The content curated by OER Commons includes hundreds of full-length textbooks on subjects from the Arabic language to physics, lesson plans, audio lectures, online courses and games.

Many larger content creators and free content repositories also feature filters so users can search for content by subject, standard and grade. Other websites, such as the Library of Congress, offer material in a few core subjects.

A growing number of states and school districts are also sharing their curriculum online. New York State, for example, offers a full K12 Common Core curriculum in English and math.

Supplemental material that enhances curriculum but doesn’t replace traditional textbooks is still the most common online resource. The National Park Service offers hundreds of student activities, lesson plans and supplemental classroom material, mainly in social studies and science. The Kennedy Center’s ArtsEdge website features lessons and material on using art to teach numerous subjects. And PBS LearningMedia’s digital library has thousands of free videos, quizzes and games.

Alicia Levi, vice president of PBS LearningMedia, says PBS tries to address what she dubs the “Sunday night problem”—educators trying to plan their week by searching for safe and trusted material to augment lessons. Time is a valuable resource for educators, she adds.

Apps and development resources

Many free-content websites offer programs to manage curriculum and track student learning. After teachers sign up for Khan Academy, for example, they get a personalized dashboard where they can create pages for individual classes, set learning goals and track assignments.

Teachers can use a new PBS lesson-builder tool to select resources from a digital library and then add in additional elements, such as quizzes. PBS handles assignments the same way that Khan Academy does—teachers give out a code so students can access online data and quizzes without creating an account.

Another popular offering from PBS is Storyboard, an online program that allows teachers to create presentations using content from both PBS and other resources. Programs like Storyboard can also provide an easy way to differentiate instruction, says Amanda Haughs, a teacher on special assignment as a K5 math & tech integration coach at Campbell USD in San Jose, California.
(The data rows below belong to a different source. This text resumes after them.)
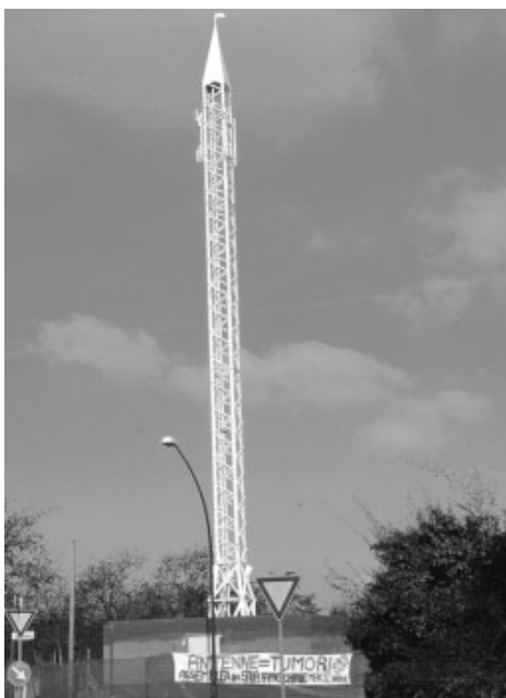
be porsi un obiettivo di qualità: portare i livelli massimi di esposizione dei CEM da 3 V/m a 0,5 V/m; a Treviso, in

E' possibile raggiungere un punto di mediazione tra l'interesse pubblico alla tutela della salute e quello economico dei gestori? Bastereb-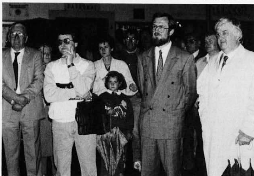
Bivši predsednik slovenske vlade Lojze Peterle na zaključnem volilnem shodu Ssk v Nabrežini v petek, 5. junija

Dolžan sem zahvalo vsem, ki so pripomogli k strankinemu in mojemu — osebnemu — uspehu ter vsem, ki so mi v tem predvolilnem boju stali ob strani: z navetom in organizacijsko pomočjo. Upam, da vas, dragi Slovenci in Slovenke, ne bom razočaral!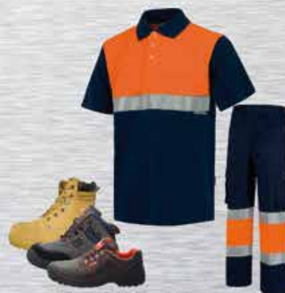
ROPA LABORAL DE ALTA VISIBILIDAD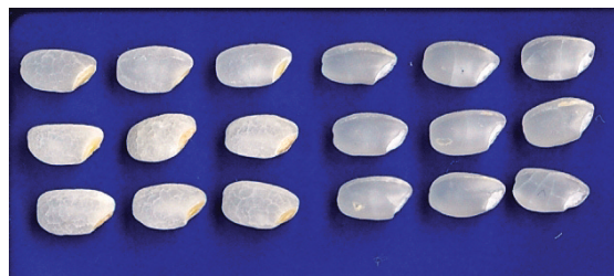
写真4 胚盤が残るように精米した「きんのめぐみ」 左：胚盤が残る精米 (2010年美郷町産米をトーヨーライス株式会社で精米、搗精歩合：91.2%) 右：通常の精米 (2010年育成地産米、搗精歩合：88.9%)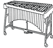
B - xylophone

Haughs, formerly a fifth grade teacher, used Storyboard to help a fourth-grade science teacher assemble demonstration videos in Spanish, quizzes and supplemental aids for an English-language learner who needed extra help.

SAS Curriculum Pathways has been developing free online curricula for a few years, but its biggest growth has been in mobile apps, says Scott McQuiggan, company director. The most popular SAS download is called Writing Reviser, which walks students through the writing-and-revision process for assignments.

When Tullahoma teachers and administrators created their digital social studies and math textbooks for use in most grades, Lawson insisted content be platform- agnostic—meaning it could be accessible on any device and the district wouldn’t be tied to using one particular technology.

Tullahoma used CK12’s Flexbooks—an online platform for creating highly adaptable textbooks—because the program was not only free and compatible with any device, but it allowed the district to search through other districts’ work and use that as a starting point for its own textbooks. Tullahoma’s books can now be viewed and searched by others, and Lawson says districts call and want to talk about the move to OER.

With Flexbooks, Tullahoma can track changes made to the main district-created textbook, while teachers are free to add and revise individual classroom versions. “Teachers have often enriched and updated their curriculum,” Lawson says, “They just haven’t had a structure like this before.”